Sitara Rao

This week, my Clinical Immersion team shadowed anesthesiologists mainly in the operating room. We had the chance to observe a vast variety of surgical cases spanning so many different areas of medicine. In doing so, we started to get a feel for how anesthesiologists work to adapt to the differing needs of surgical teams, different types of operations, and the differing medical conditions of their patients. While much of our week was spent generally learning about the OR and the anesthesiologists’ role there, we also started to take notice of how they interact with devices such as infusion pumps and monitors, how they craft workarounds to broken or ineffective devices, and their mental workflows as they make clinical decisions. Also interesting about this week was that Friday was the first day with new interns starting and resident classes turning over. We got to see how this change in roles affected staffing, communication, and productivity in the department.

Below are some designs that stood out to me during week 1:

Good Design: Scrub Machine

When entering the OR suites, everyone must be wearing a pair of hospital-cleaned OR scrubs. In order to acquire a pair, those entering the OR need have scrub credits loaded onto their ID card. They swipe their card in the scrub machine, which prompts them to pick a default scrub size if they haven’t already, then locates a correctly sized pair of scrubs if it is in the machine and reports its location to the user. The user then opens the door indicated by the screen, and only their scrubs are visible. If the size requested is not available, the user can cancel the request or pick another size.

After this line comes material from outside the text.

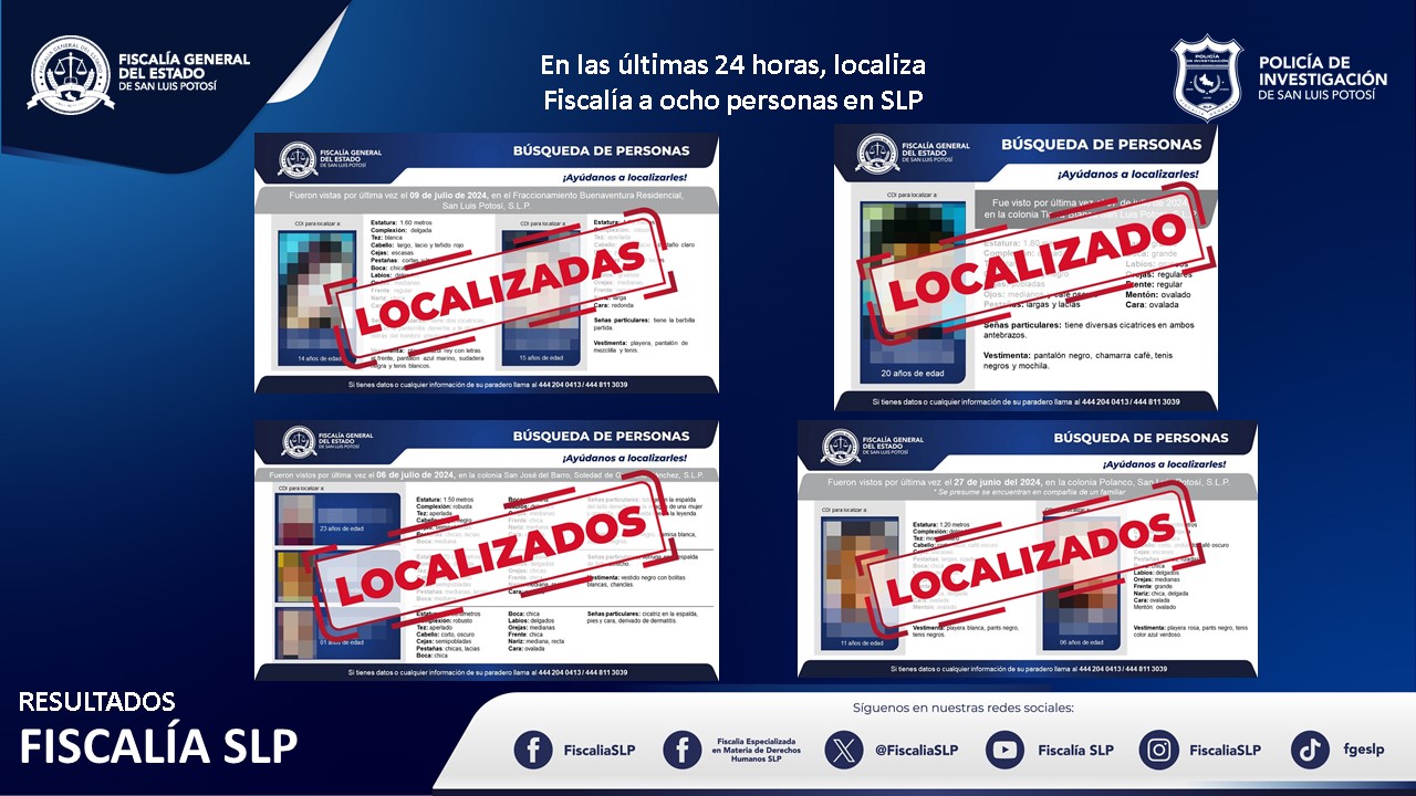 La Fiscalía General del Estado de San Luis Potosí (FGESLP) comunica que 8 personas han sido reencontradas con sus familias en las últimas 24 horas, gracias al trabajo del personal administrativo y operativo de la Fiscalía Especializada de Derechos Humanos y Policía de Investigación (PDI).
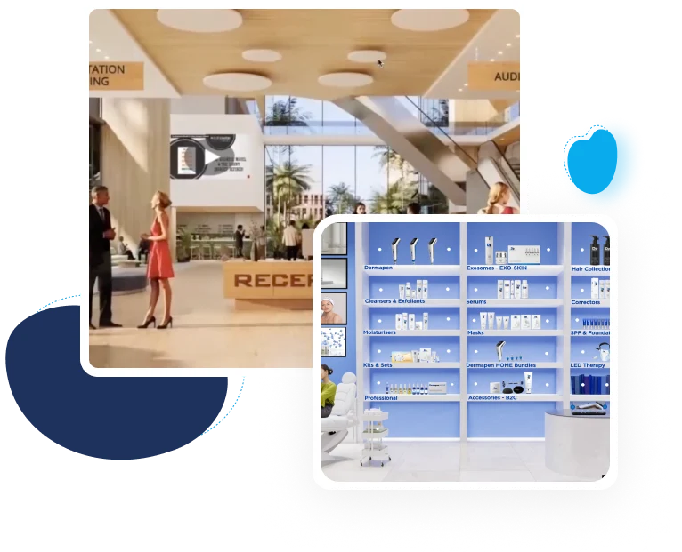 These experiences place users inside the learning or product journey—whether that means stepping into a replicated training facility, a conceptual learning academy, or a 360° interactive product environment.

When the user is done in the OR and is ready to have their scrubs cleaned, they must return them in the scrub receptacle machine in order to have their credits reloaded so they can request their next pair of clean scrubs.

I like this design because I think the credit system holds people accountable for the scrubs they take and prevents waste from people misplacing or not returning scrubs. In my short experience with using the machine, it is reliable– I have never requested a size and received a different size (though my preferred size has been unavailable on some days, but that is a stocking/supply issue rather than one with the actual device). The instructions are also quite clear and intuitive. There is a sign to swipe your ID, and once you do that, each prompt is short and easy to follow. The whole process from swipe to retrieving scrubs takes about 30 seconds. The machine also keeps the scrubs very organized and clean because the user can only access their pair of scrubs.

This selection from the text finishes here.